Akibatnya, program makan siang gratis memicu masalah baru, yakni sampah makanan atau food waste. Di sebuah sekolah di Palembang, banyak siswa tidak menghabiskan/bahkan tidak memakan makanan MBG karena mengaku lebih cocok/lebih enak bekal ibu.
Menurut data Indonesia Gastronomy Community (IGC), Indonesia menjadi negara penghasil sampah makanan terbesar kedua di dunia, yakni 20,93 juta ton per tahun. Dan kerugian negara akibat sampah makanan tersebut mencapai Rp 219 triliun. Angka ini menjadi ironi karena stunting masih 21%.
Panitia juga tampaknya kurang sigap memitigasi sampah makanan makan siang gratis. Misalnya, pemanfaatan sampah makanan untuk kompos atau makanan ternak. Jika tak dikelola secara serius, sampah makanan akan menjadi problem baru bagi lingkungan, sebab sampah makanan menghasilkan jejak karbon (carbon foot print) yang signifikan.
Lebih mengkhawatirkan lagi jika dalam proses produksi dan distribusi untuk mewujudkan program MBG ini menghasilkan sampah kemasan unorganik, seperti plastik, kertas, dan kemasan lain yang tidak bisa diurai secara cepat oleh lingkungan.
Hal terpenting yang tak boleh dilupakan program MBG sebagai wahana untuk edukasi/kampanye dan pemberdayaan kesehatan pada siswa terkait upaya mewujudkan pengendalian konsumsi garam, gula, dan lemak (GGL). Sekalipun anak-anak masih dalam masa pertumbuhan, hal ini perlu dikenalkan sejak awal terkait pengendalian konsumsi GGL, apalagi fenomena kegemukan dan obesitas pada anak prevalensinya sangat tinggi.
Menurut Survei Kesehatan Indonesia (2023), obesitas anak usia 5-12 tahun mencapai 19,7%, sedangkan pada anak usia 13-15 tahun mencapai 16%. Ini menandakan fenomena kegemukan dan obesitas pada anak Indonesia sudah mengkhawatirkan.

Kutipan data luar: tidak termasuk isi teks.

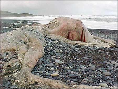 上周被海水沖上智利蒙特港附近海灘的一大塊黏滑肉質物體可能是一種稀有的巨型章魚,或者只是死去鯨魚的一塊鯨脂。智利鯨魚保護中心表示,這具遺骸長12.4米,重約13噸,6月24日在馬烏林附近的太平洋海岸被人發現,原先人們誤認為是鯨魚。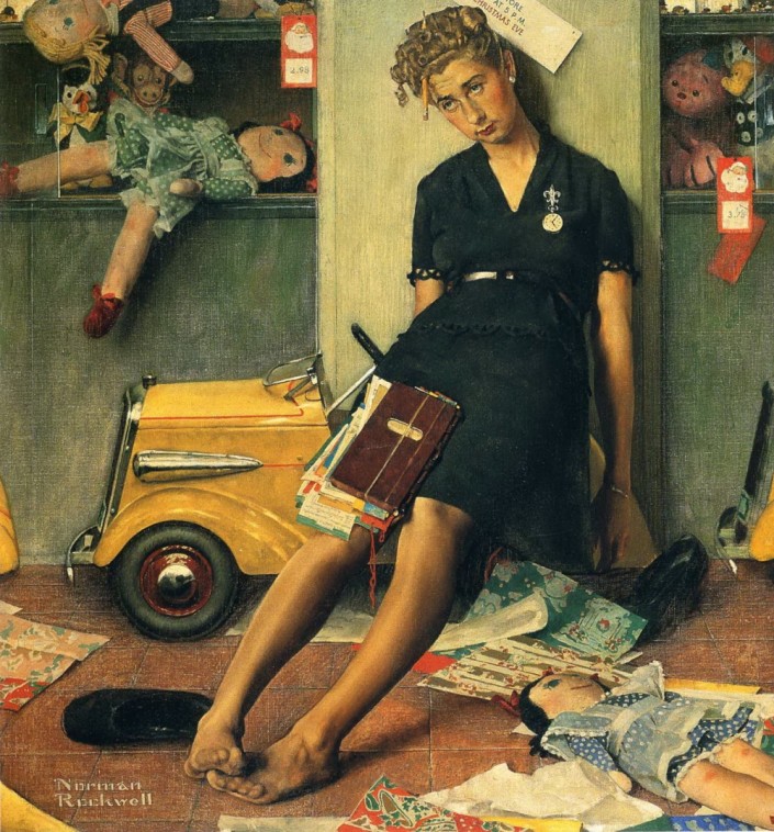 Картины Роквелла - настоящие мини-истории о повседневной жизни. Иной раз даже появляется ощущение, что иллюстрации буквально срисованы с нашей жизни. Если вы посмотрите внимательно, стрелки на часах продавщицы показывают 17:05 - уверены, она счастлива, что этот рабочий день наконец-то подошел к концу.
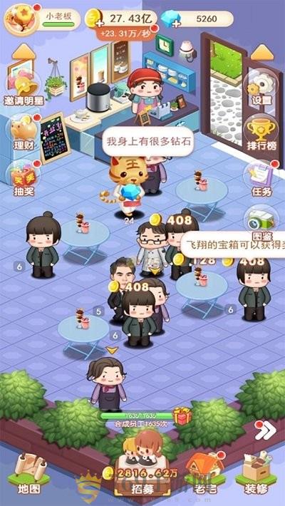 游戏者可以开不同类型的店铺,里面的店铺类型,整个手游的玩法很精彩。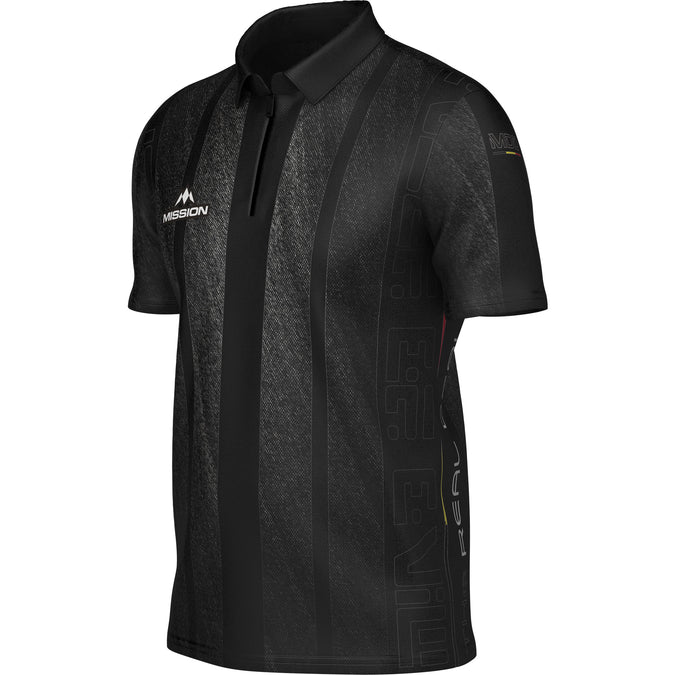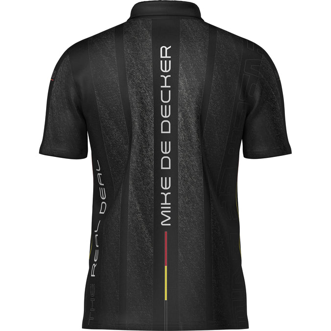Mission Player Dart Shirt - Mike De Decker - The Real Deal - Small. Show your support for the 2024 World Grand Prix champion with the Mission Mike De Decker Player Shirt. Look the part on the oche with De Decker’s signature shirt that includes his name, ‘The Real Deal’ nickname and the colours of the Belgian flag on the shirt’s design. This high performance darts shirt is lightweight, comfortable and highly breathable and has been designed to give outstanding technical performance on the oche. The technical weave and synthetic thread of this shirt uses the scientific principle of capillary action to draw moisture away from the body, reducing temperature and providing players with maximum comfort. This modern darts shirt can be washed and worn repeatedly with no ironing and with no significant colour loss. Available in sizes from small to 5XL.

Data menunjukkan tingkat prevalensi penyakit diabetes melitus pada anak, menurut data Ikatan Dokter Anak Indonesia (IDAI), penderita diabet pada anak meningkat empat kali lipat. Relevan dengan itu, juga menurut hasil Survei Kesehatan Indonesia (SKI) 2023, pasien jantung koroner usianya juga semakin muda, yakni 43 tahun.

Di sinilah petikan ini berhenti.